The Van Wert County Courthouse

Friday, Apr. 26, 2024

Latta tours area farms, talks Farm Bill

DAVE MOSIER/independent editor

U.S. Representative Bob Latta was in Van Wert County to talk with farmers and find out their concerns. What Latta, whose 14-county district includes the largest number of farmers in Ohio, found was optimism about this year’s crops, but some real concerns about what is happening — or not happening — in Washington.

U.S. Representative Bob Latta (left) talks with Kevin and Mike Heffelfinger at their Greenville Road farm. (Dave Mosier/Van Wert independent)
U.S. Representative Bob Latta (left) talks with Kevin and Mike Heffelfinger at their Greenville Road farm. (Dave Mosier/Van Wert independent)

Latta, who has farming roots from both his and his wife’s families, toured agribusiness operations in Van Wert and Mercer County on Friday, starting out with the Bonifas farm near Venedocia Friday morning, and following with Mike and Kevin Heffelfinger’s farming operation on Greenville Road south of Van Wert. He later toured the Mercer Landmark operation in Rockford, as well as Boeckman Farms in Mercer County.

At the Heffelinger farm, the congressman talked to both Heffelfingers, who have a farming operation that originated in the 1850s; Mike Heffelfinger’s wife, Kendra, who works for AgCredit; Mercer Landmark agronomist Randy Roe; and Mike Schumm, who operates a grain and livestock operation that straddles the Van Wert-Mercer County line.

While Mike Heffelfinger said this year’s corn and soybean crops look “very promising”, he also added that farmers he talks to as a board member of the Ohio Soybean Association have some real concerns related to the failure of Congress to pass a new Farm Bill.

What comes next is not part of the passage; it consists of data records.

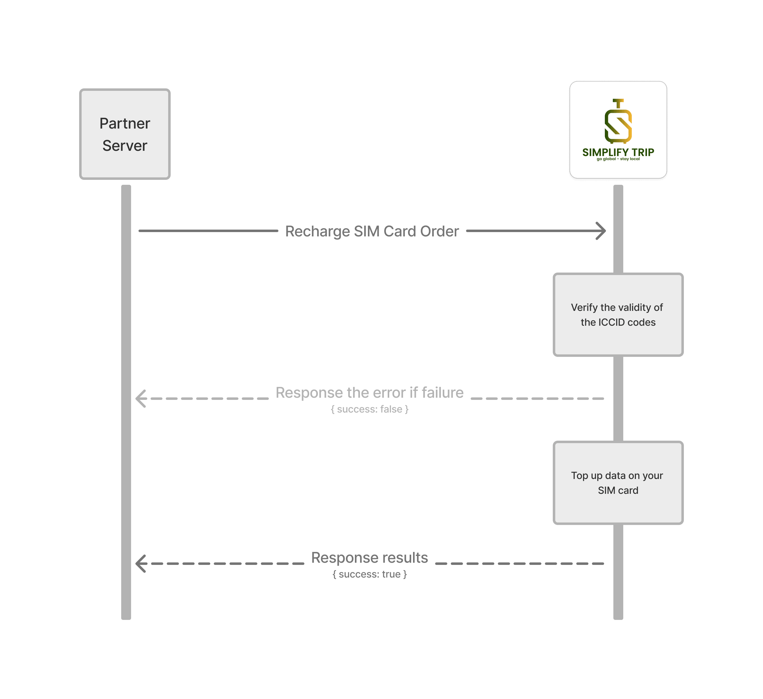 WorkflowsRecharge SIM DataSIM Data Recharge Workflow Here is the sequence flow of the integration Order Physical SIMAPI list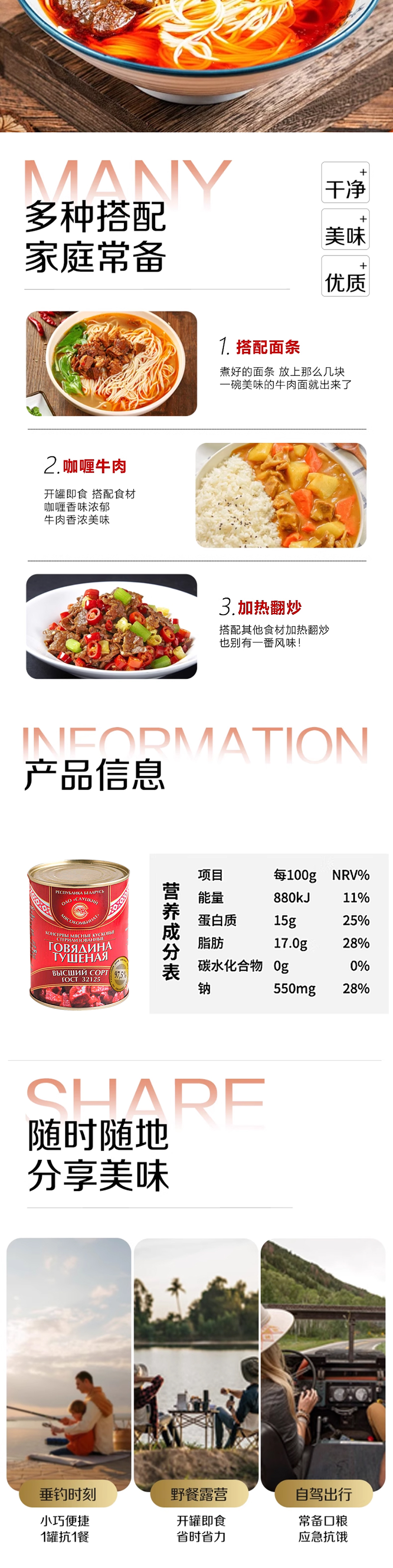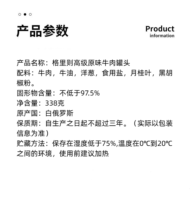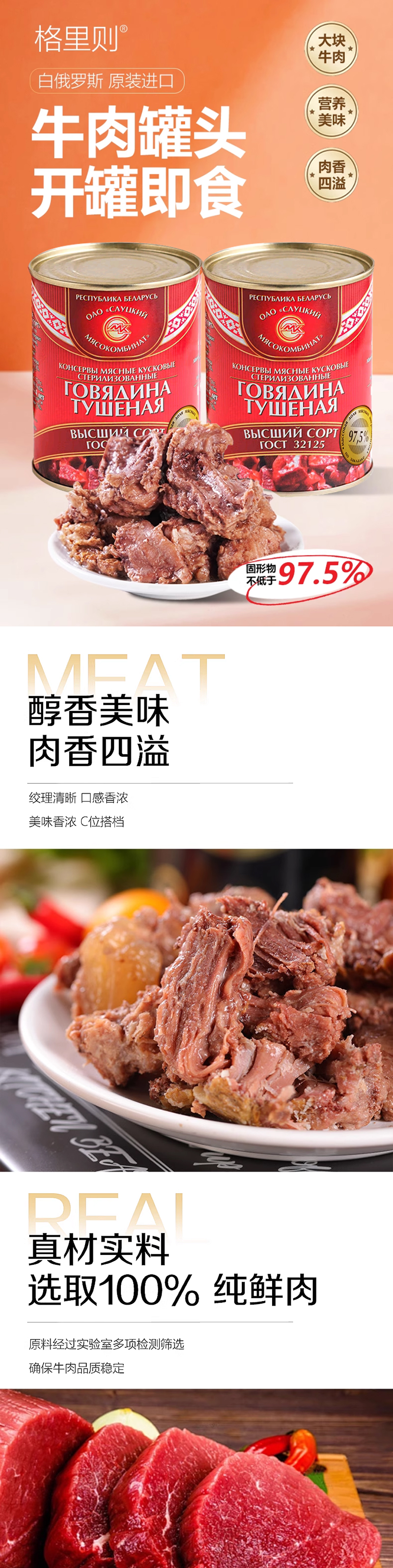 白俄罗斯进口格里则高级原味牛肉罐头338g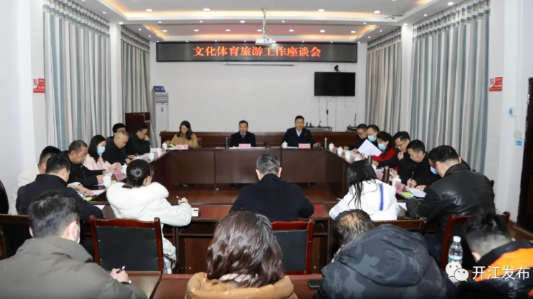 开江县委常委、宣传部部长余学海汇报了2022年文化体育旅游工作谋划及文旅重点项目推进等情况;文体旅游局相关负责人就我县文广旅体工作基本情况、目前存在的问题困难以及下一步工作计划等内容作详细汇报;与会人员结合各自的工作领域,就如何推动我县文化体育旅游工作持续向前发展作交流发言。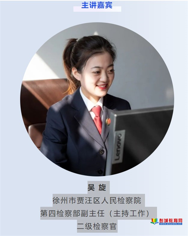 本期課堂的題目是《預(yù)防違法犯罪筑牢安全“網(wǎng)”》,主講嘉賓是來自徐州市賈汪區(qū)人民檢察院第四檢察部副主任吳旋檢察官。吳旋檢察官與主持人一起結(jié)合具體的案例,就“網(wǎng)絡(luò)世界到底發(fā)揮了什么作用?哪些規(guī)則要遵守?哪些陷阱要避開?如何保護(hù)自己的合法權(quán)益?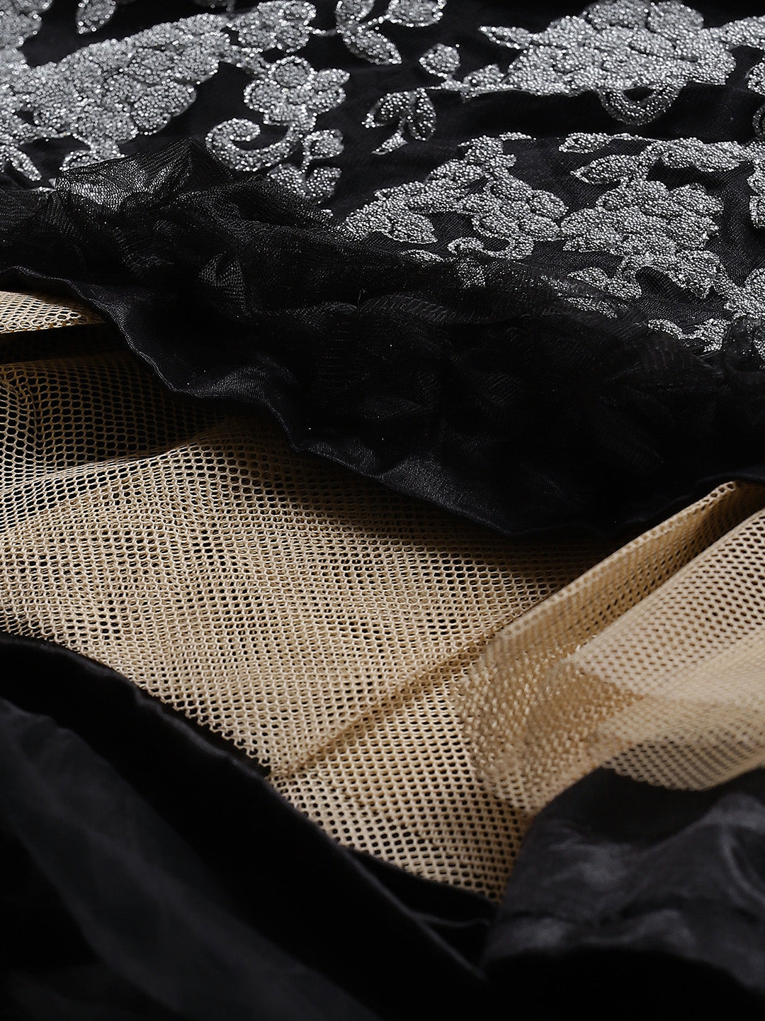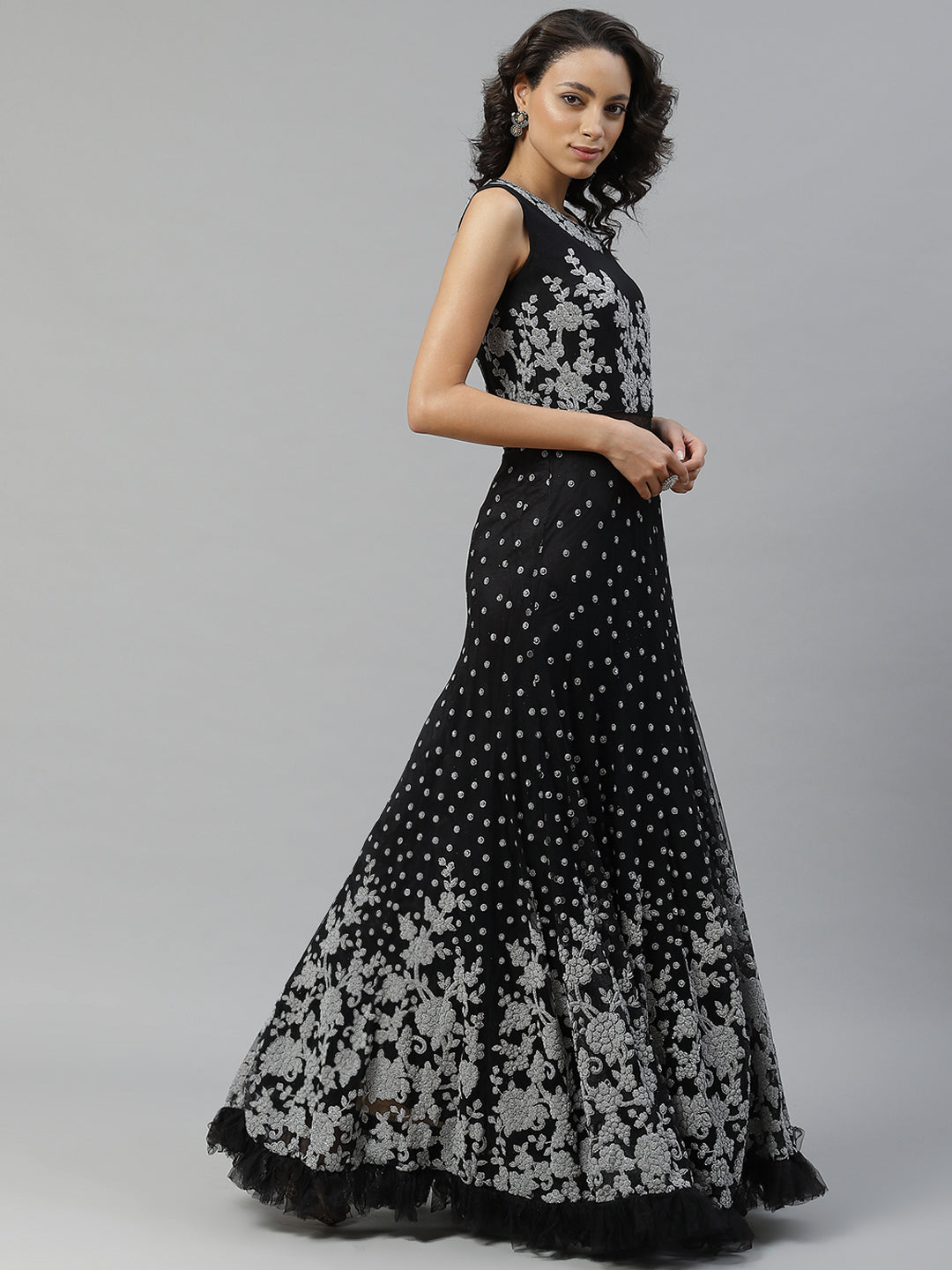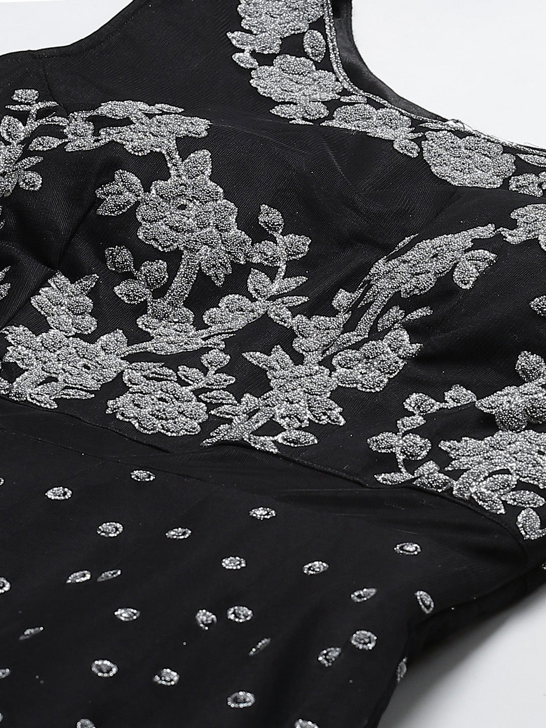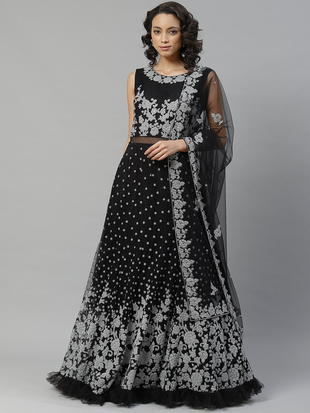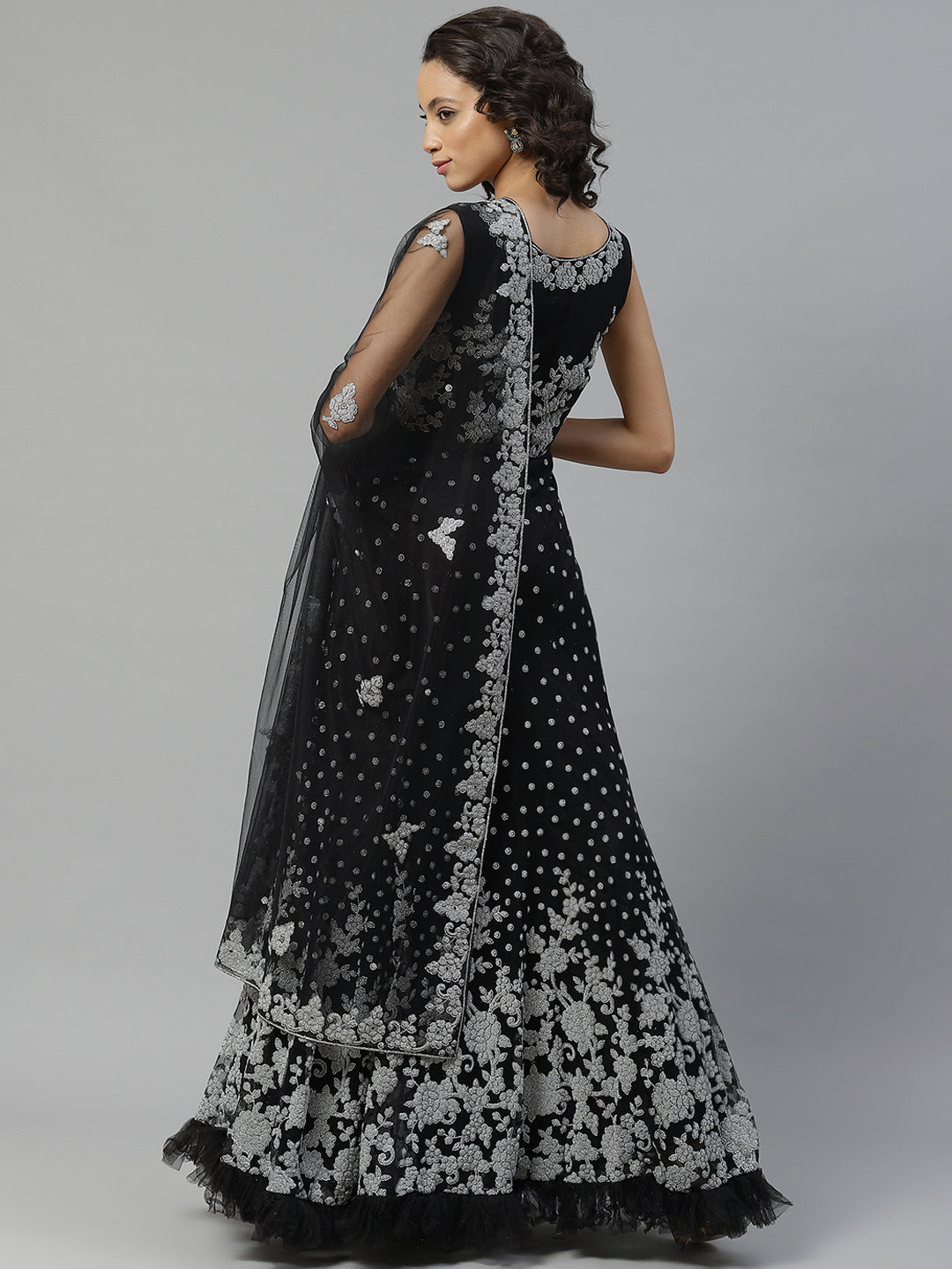 Made to Measure Silver Beads and Sparkle Embroidered Black Gown with Heavy Net Dupatta
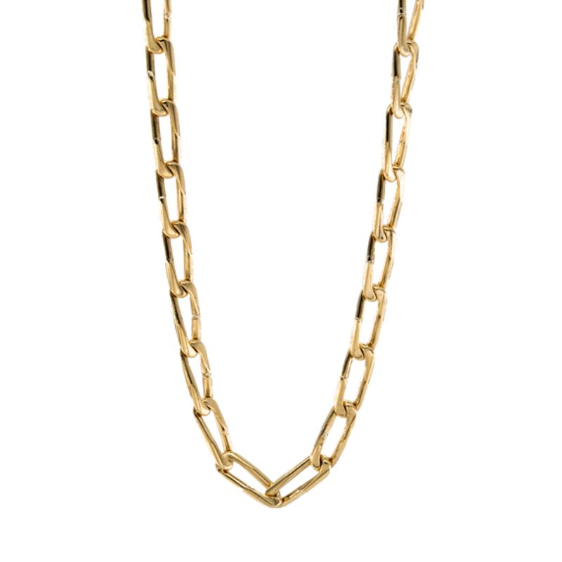 Encuentra la elegancia en su máxima expresión con nuestra cadena Bilbao de 18 quilates, un complemento perfecto para cualquier ocasión. El lujo y la sofisticación se unen en esta pieza única.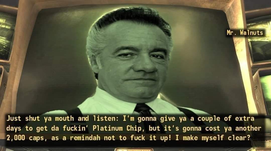 >>217060795It only exists because FNV makes cuck howard seethe endlessly so this is his way of dragging it through the mud in the eyes of the normies.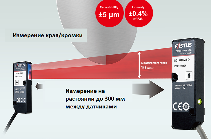Однопроходный датчик положения кромки серии TD1 оснащен светоприемником на базе сенсора CMOS, что позволяет с высокой точностью измерять кромки и торцевые поверхности.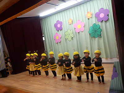 2歳児クラスはもう一つ。みつばちハニー!!蜂さんになって登場してくれました。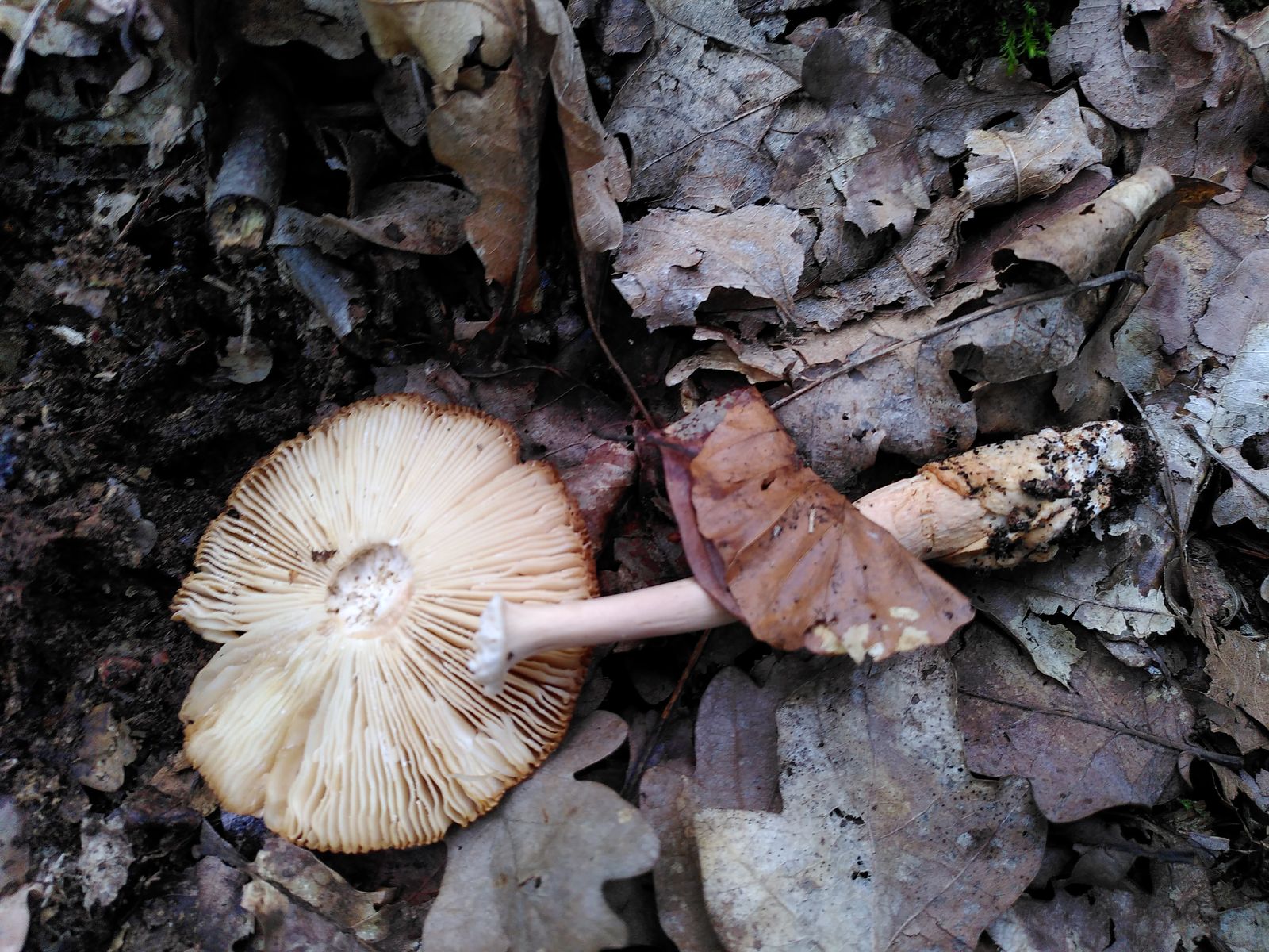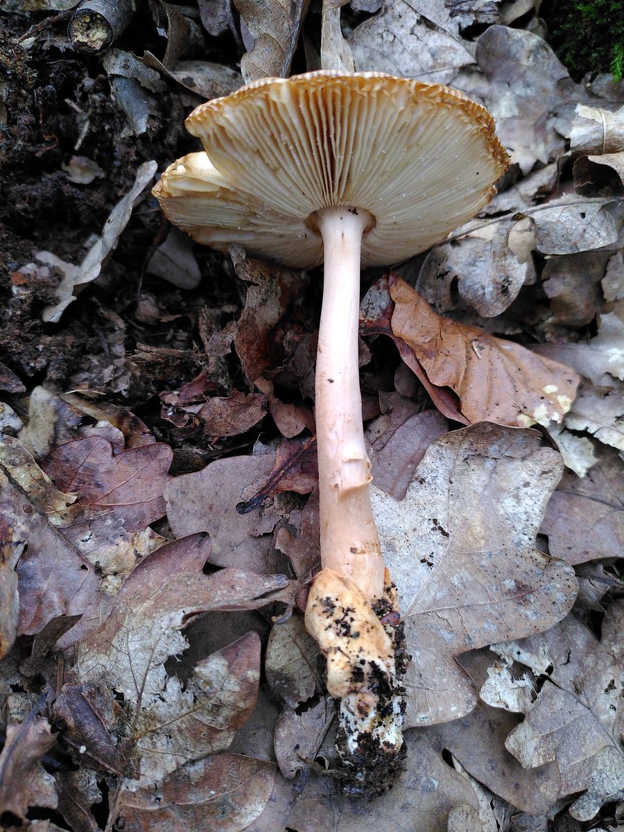 Stiel: weiß-bräunlich, glatt, Basis mit anliegender, weißer, rotbraun gefleckter Volva
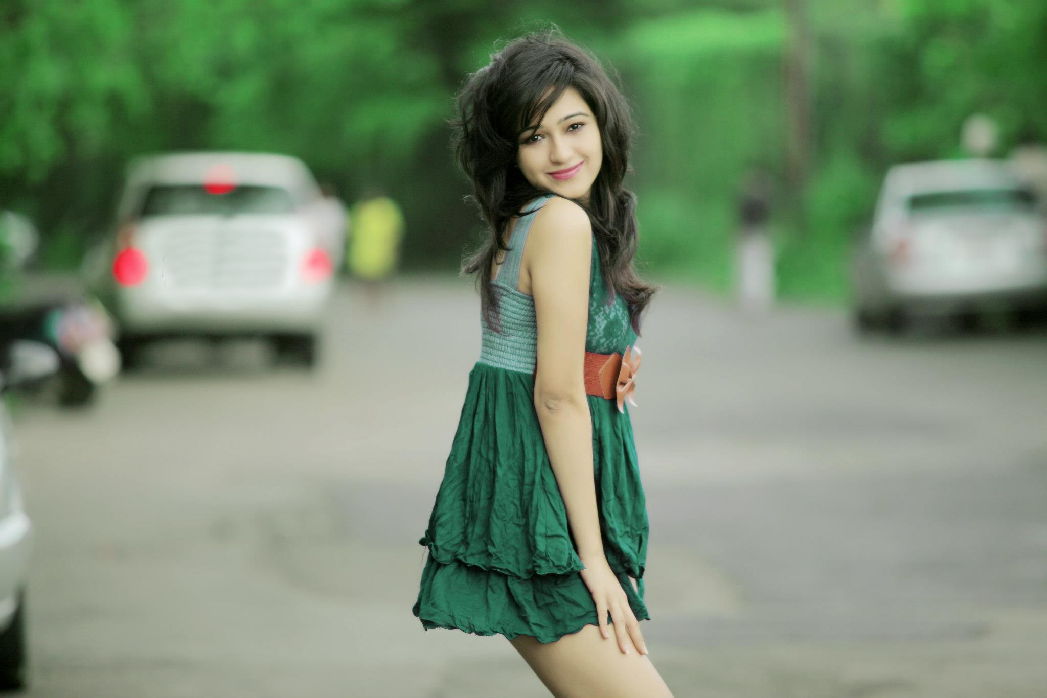Скачать обои для рабочего стола Милая девушка в зелёном платье и фото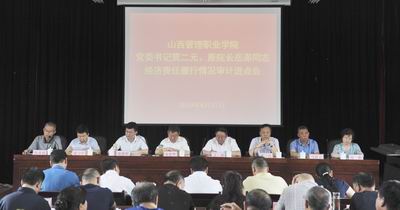 省审计厅党组成员、副厅长宋世华,省人社厅财务处处长王涛,省审计厅自然资源和生态环境审计处副处长、审计组组长梁卫中,审计组主审张泽斌,学院党委书记贾二元、院长马联合,原院长岳澎出席会议。省审计厅自然资源和生态环境审计处处长张晓明主持会议。
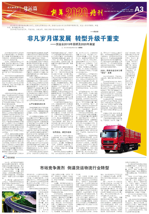 □ 现代物流报全媒体记者 曹朝霞 2019年对公路货运来说意义非凡。在非比寻常的这一年,货运行业在冰与火...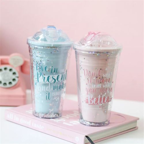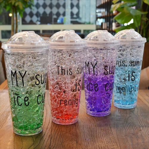 1pc 2-Layer Ice Cream Smoothie Juice Bottle Cup Kettle with Straw. This Mug is designed to add a splash of color and style to your home. It has a lead-free colored glaze. This mug is, refrigerator, oven, and dishwasher-safe, making it perfect to suit your fast-paced lifestyle.

Heffelfinger also talked about the impact of increased federal regulations on agriculture.

The main concern of farmers, Heffelfinger said, is not direct payments, which he said most farmers could live without, but crop insurance programs.

While progress on the Farm Bill has been sluggish, Latta said he talked to House Agriculture Committee Chair Frank Lucas right before he left Washington, noting that Lucas said his committee was working on the bill, but that progress was slow at this point.

“We need a new Farm Bill because we want to get rid of things like direct payments,” Latta said, adding that the bill would also provide $20 billion worth of cuts on the agriculture side and another $20 billion in food and nutrition program cuts.

Much of the problem with the Farm Bill lies in the fact that only about 20 percent of the bill actually deals with agribusiness concerns, with the remaining 80 percent concerned with food and nutrition issues, mostly dealing with the federal food stamp program.

While Latta noted that combining agriculture and food and nutrition back in 1973 was seen as a way to get urban support for rural farming operations, but the fact that only about 1 percent of Ohioans now work on farms has created a problem for farming interests.

Mike Heffelfinger said the increased federal regulations were making it more difficult, and more expensive, to farm — a situation that has impacted the bottom line of farmers and other agribusiness operations in Ohio and around the country.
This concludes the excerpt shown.